Department of Materials Science and Engineering, University of California, Berkeley, CA, 94720, USA.
Materials Sciences Division, Lawrence Berkeley National Laboratory, Berkeley, CA, 94720, USA.
Sci Data. 2022 May 26;9(1):234. doi: 10.1038/s41597-022-01321-6.
Gold nanoparticles are highly desired for a range of technological applications due to their tunable properties, which are dictated by the size and shape of the constituent particles. Many heuristic methods for controlling the morphological characteristics of gold nanoparticles are well known. However, the underlying mechanisms controlling their size and shape remain poorly understood, partly due to the immense range of possible combinations of synthesis parameters. Data-driven methods can offer insight to help guide understanding of these underlying mechanisms, so long as sufficient synthesis data are available. To facilitate data mining in this direction, we have constructed and made publicly available a dataset of codified gold nanoparticle synthesis protocols and outcomes extracted directly from the nanoparticle materials science literature using natural language processing and text-mining techniques. This dataset contains 5,154 data records, each representing a single gold nanoparticle synthesis article, filtered from a database of 4,973,165 publications. Each record contains codified synthesis protocols and extracted morphological information from a total of 7,608 experimental and 12,519 characterization paragraphs.

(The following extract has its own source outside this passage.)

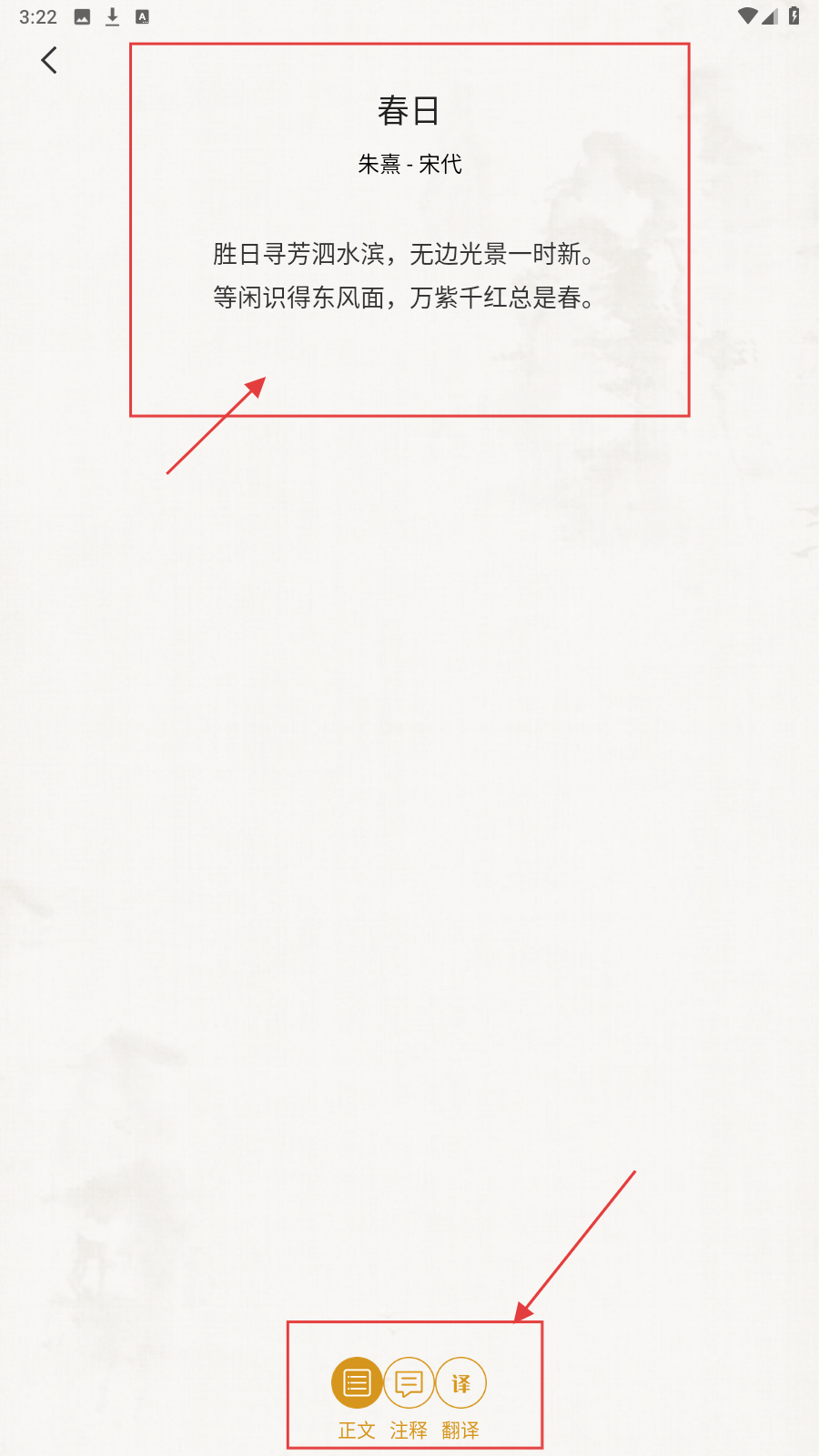 4、阅读完,点【注释】【翻译】,深入理解诗词含义。

金纳米颗粒由于其可调的性质而在各种技术应用中受到高度的期望,这些性质是由组成颗粒的大小和形状决定的。许多用于控制金纳米颗粒形态特征的启发式方法是众所周知的。然而,控制其大小和形状的基本机制仍然理解得很差,部分原因是合成参数的可能组合范围非常大。数据驱动的方法可以提供有助于指导对这些基本机制的理解的见解,只要有足够的合成数据可用。为了在这个方向上促进数据挖掘,我们使用自然语言处理和文本挖掘技术,从纳米颗粒材料科学文献中直接提取了一个编码的金纳米颗粒合成方案和结果的数据集,并将其构建并公开。该数据集包含 5154 个数据记录,每个记录代表一个单一的金纳米颗粒合成文章,从 4973165 篇出版物的数据库中筛选出来。每个记录包含从总共 7608 个实验和 12519 个表征段落中编码的合成方案和提取的形态信息。